Les Edgerton contributes with "Small Change". Two men sit at a bar and talk. One is a former convict, the other a writer. The convict tells the story of a punk who tried to shoot him. In the end we learn why a 0.38 works different than a 0.22.
"I Wanna Be Your Dog" happens to be my favorite song by Iggy and The Stooges. It's also the title of a story contribution by Heath Lowrance. This one starts out about a young punk scowling over the funeral of his father. It quickly turns into a story about the upbringing of a serial killer.
A J Hayes offers "Light My Fire". An artist who has committed murder finally confronts his pursuer and has the chance to explain himself. He manages to come to terms with what he has done and the punishment for it fits the crime.

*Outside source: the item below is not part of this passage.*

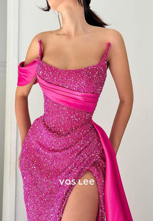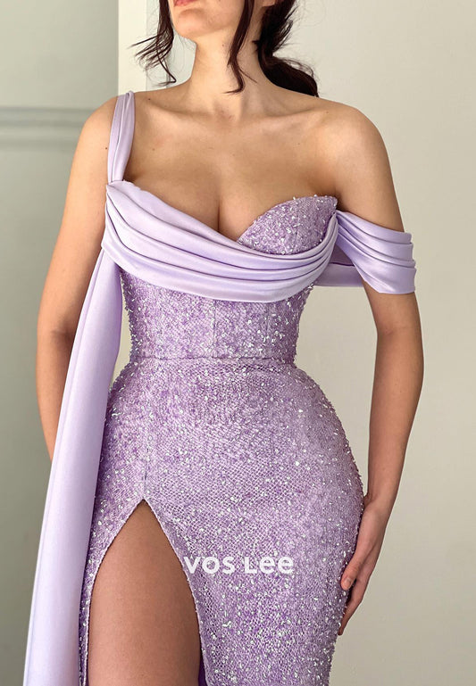 One Shoulder Fully Sequined Pleated Mermaid Long Evening Dresses with Sweep Train

"Redemption Song" by Sean Patrick Readon is the tale of six Irish kids who turn into gangsters in Boston. But the particulars of their growing up involves a death. A death which will soon be revenged in a gruesome manner.
"Down In the Tube Station at Midnight" by Ian Ayris goes back to the UK. It's a short segment in the life of a hit man who hates his job. He's got another assignment and regrets what he has to do. But it pays well. Plus, he has a family to support.
Nick Triplow's "A New England" is another story from the other side of the lake. A riot squad is going into action against a potential outbreak of political violence. They've trained hard, but anything can and will happen. It feels like a slide picture dropped from a history book.
"Shelia Take a Bow" by Charlie Wade is easy the creepiest story in the collection. A small businessman has to get rid of his buxom secretary because his wife has taken a dislike to her. The wife also has a wicked swing with a golf club. And this is just the beginning.
Ian Rowan's `Purple Haze" has two university students slumming through a housing project looking for some good drugs. But they walk into a deal gone bad. What results is the biggest rush of their lives.
My favorite story in the collection is "Free Bird" by Thomas Pluck. A Vietnam veteran and his son share a bonding experience around the father's Trans Am. Whereas most of these stories have bad ends, this one actually surprised me with an uplifting conclusion.
"Venus in Furs" by Matthew C. Funk manages to get in the spirit of the original Velvet Underground song. A crook finds himself in a codependent relationship with a femme fatale. She wants him to make the ultimate sacrifice for her. Will he do it?
"Dock of the Bay" by R. Thomas Brown manages to be topical and grim at the same time. A banker is on his way down. He's caught his wife with another man, but comes up with a sinister plan for revenge.
"Shadowboxer" by Chris Rhatigan left me a little confused. It's a stream-of-consciousness story told from the view of a man on the run. Or is it? He's racing past lone towns and isolated farms in the American mid-west. I think.
"Roll Me Away" by Patti Abbot concerns a motorcycle racer and his lust for glory. He achieves transcendence in the end, but not the kind I'd like.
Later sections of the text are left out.